Further cases published by Woelfel et al. [6] as well as Jones et al. [7] identified a developing spontaneous bacterial peritonitis as the cause of spontaneous pneumoperitoneum. Both patients had a history of alcoholism, cirrhosis and underwent laparoscopy without sign of perforated hollow viscus like in the patient we have treated. Microbiology revealed gram-negative bacteria and Clostridium perfingens, respectively. We could not isolate pathogen bacteria or identify the cause of the infection in our case but found signs of colitis upon endoscopy as described above.

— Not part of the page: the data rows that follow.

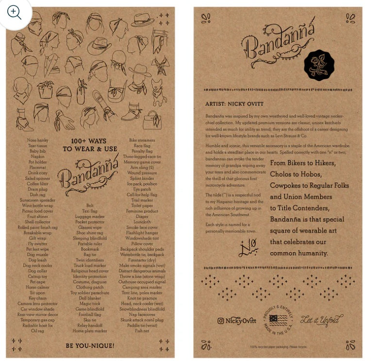 • 2-sided insert describing 100+ Ways to Wear and Use Bandanña.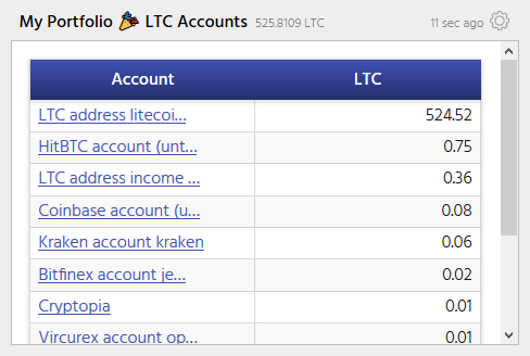 This table displays the latest balances for each account in your portfolio, that has a balance in one of your portfolio currencies.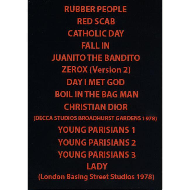 The card with the song title information has the following errors: This version also came in red vinyl. There are 3 Volumes of these lathe cut discs with copy in clear and then also in black, white, another clear, blue and red. |
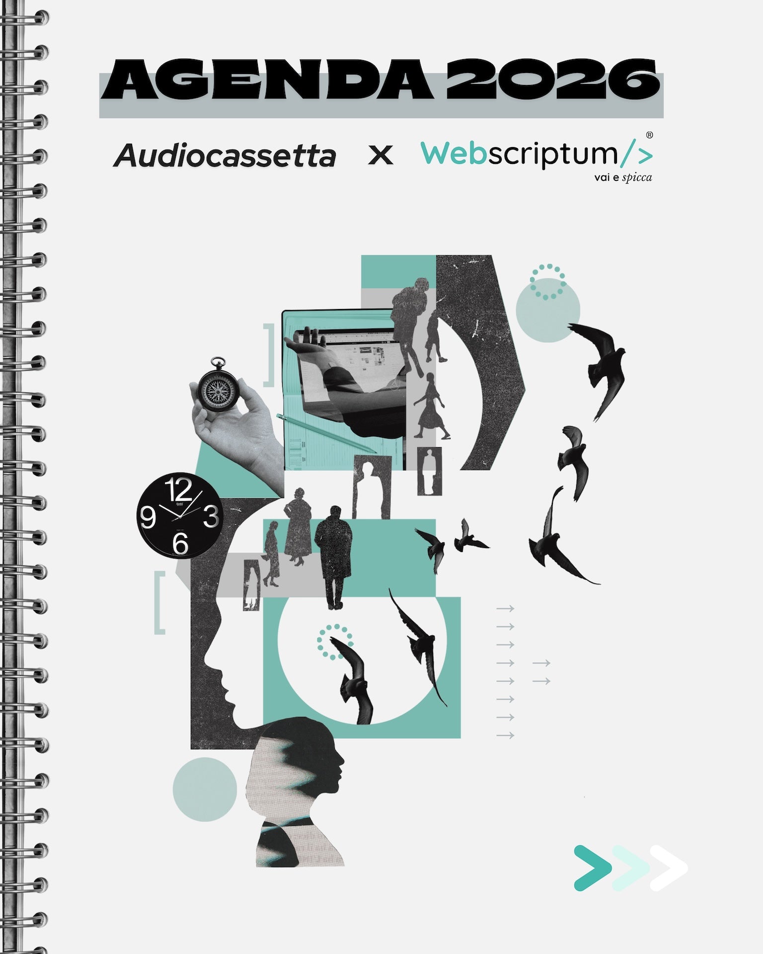 Collage per l'agenda 2026 di Webscriptum, agenzia di marketing e comunicazione.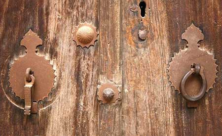 جنس چوب صندل دارد که با استخوان ترصیع شده اند. در ازاره تالار سنگ مرمر مرغوب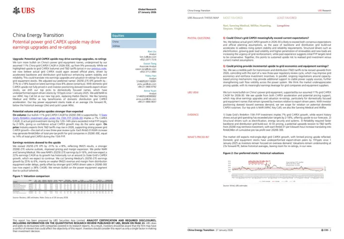2. UBS-China Energy Transition:Potential power grid CAPEX upside may drive earnings upgrades and re-ratings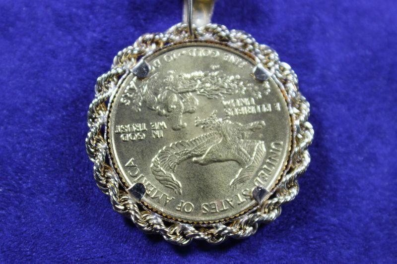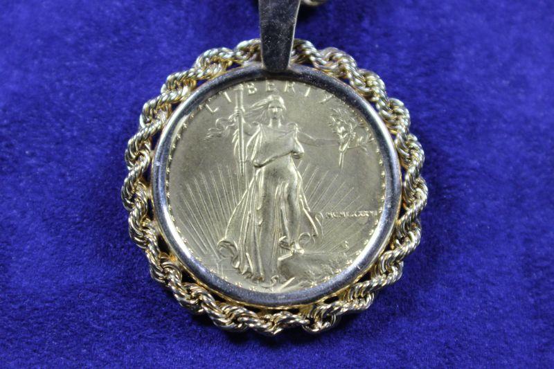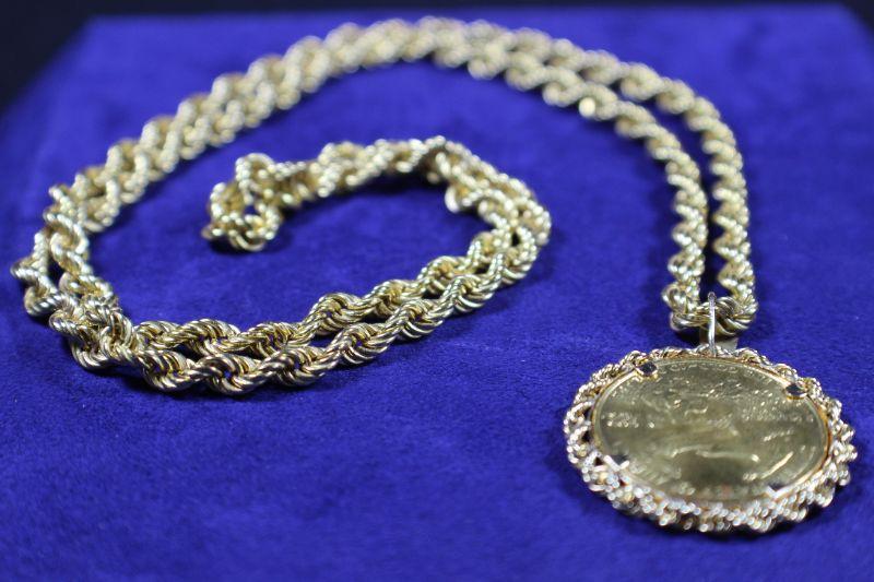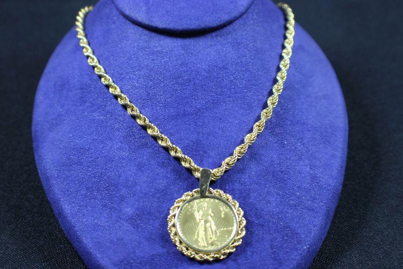 With a $10 Gold Piece Pendent confirmed with XRF to be 22K Gold. 24" chain.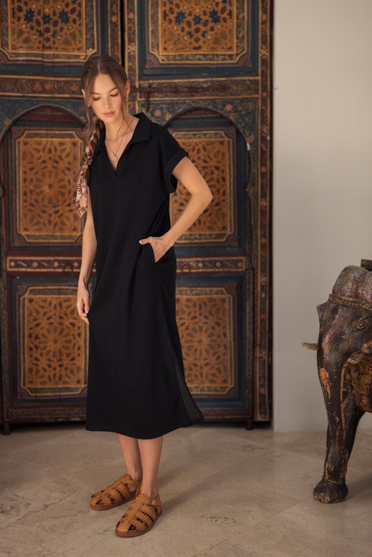 Solid midi dress with open collared neck, side pockets, short kimono sleeves, band cuffs, and side slit detail.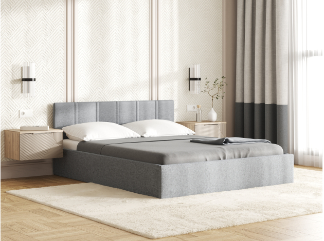 Кровать с подъемным механизмом Корсо ПМ Серая, рогожка 140х200 см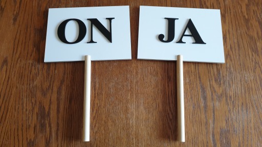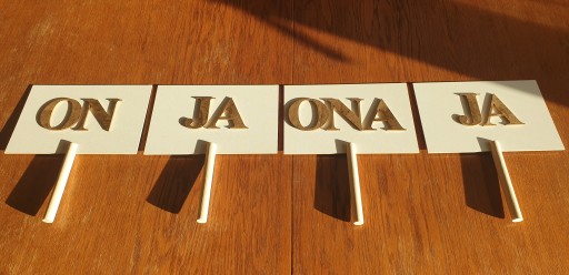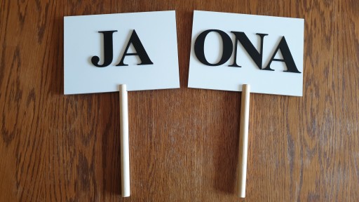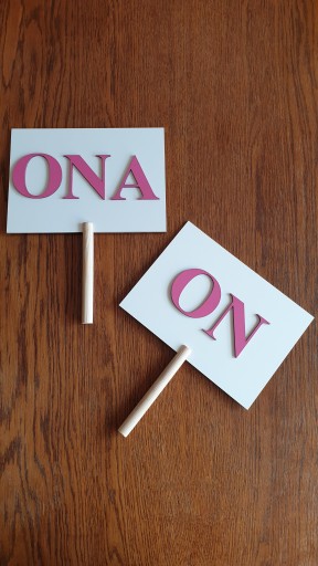Zestaw składa się z 4 tabliczek na których znajdują się napisy: JA, JA, ON, ONA.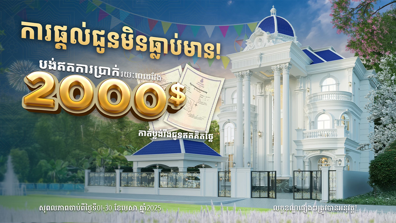 ក្នុងឱកាសនៃពិធីបុណ្យចូលឆ្នាំប្រពៃណីខ្មែរ ឆ្នាំ២០២៥ ខាងមុខនេះ បុរី វិមានសំណាង មានប្រម៉ូសិនពិសេសមិនធ្លាប់មាន ដែលផ្តល់ឲ្យអតិថិជនចំណេញលើសពីចំណេញ ជាពិសេសអតិថិជននឹងក្លាយជាម្ចាស់វីឡាទោលដ៏ប្រណិតបែបបារាំងភ្លាមៗ។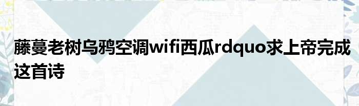 导读 大家好,今天小六子来为大家解答以下的问题,关于藤蔓老树乌鸦空调wifi西瓜rdquo求上帝完成这首诗这个很多人还不知道,现在让我们一起来看看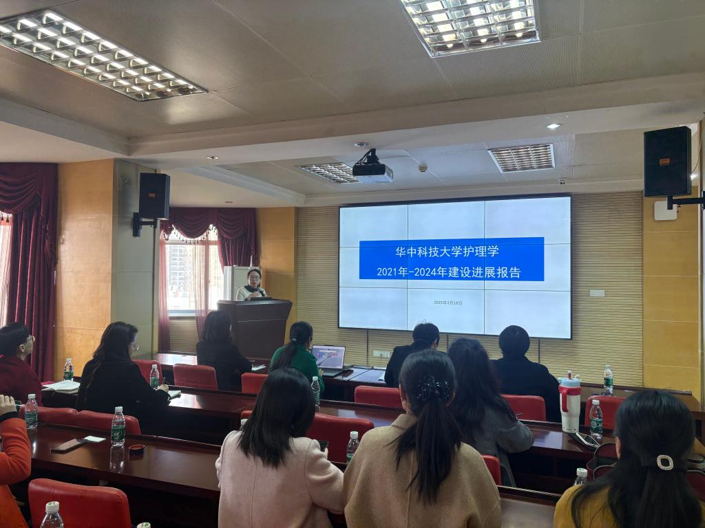 院学科建设办公室主任李节作2021-2024年华中科技大学护理学科建设进展报告。李节以详实的数据、图表等资料对比分析了我校护理学科与国内同类高校护理学科的现状,从人才培养、师资资源、科学研究、学科声誉等多个维度深入解读了各项具体指标和指数,明确了学科未来需要加强的方向与路径。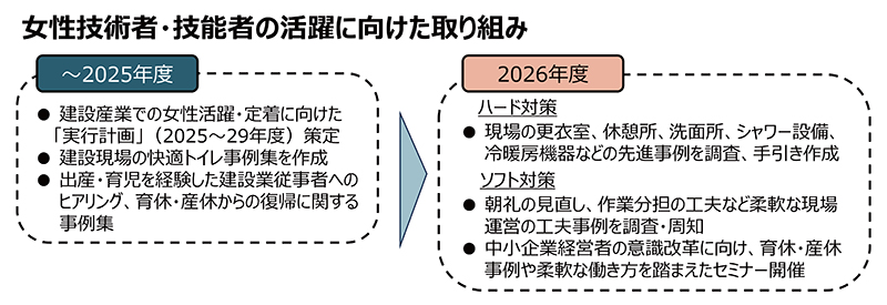国土交通省は、女性技術者・技能者の活躍と定着を促進するため、2026年度に現場環境の改善に向け...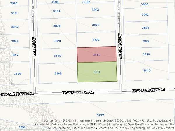 Paseo del Volcan NE to north on Westphilia, then right on Troylyn Rd follow as it becomes Iris Rd, then it becomes Congress Heights Rd, to right on Progress Blvd NE to Alturas Dr. NE. UseLot 18 Lat/Long: 35.321753, -106.609727; Lot 17 Lat/Long: 35.322059, -106.609741

SIP is a rare disease that has only been addressed a few times in the English literature up to this point. Being a rare condition, it represents a challenge to surgeons regarding the choice of therapy. Experience shows that diagnostic laparoscopy can be beneficial to such patients especially facing generalized peritonitis. It has been shown that patients admitted with moderate symptoms and no signs of infection can be primarily observed and have a better course if a conservative line of treatment is followed [8, 9]. In patients with risk factors for perforation of hollow organs, it is important to exclude such a complication, which can also be done by endoscopy if the patient’s condition permits [5, 8, 9].
CONFLICT OF INTEREST STATEMENT
None declared.
FUNDING
None.
DATA AVAILABILITY
The data underlying this article will be shared on reasonable request to the corresponding author.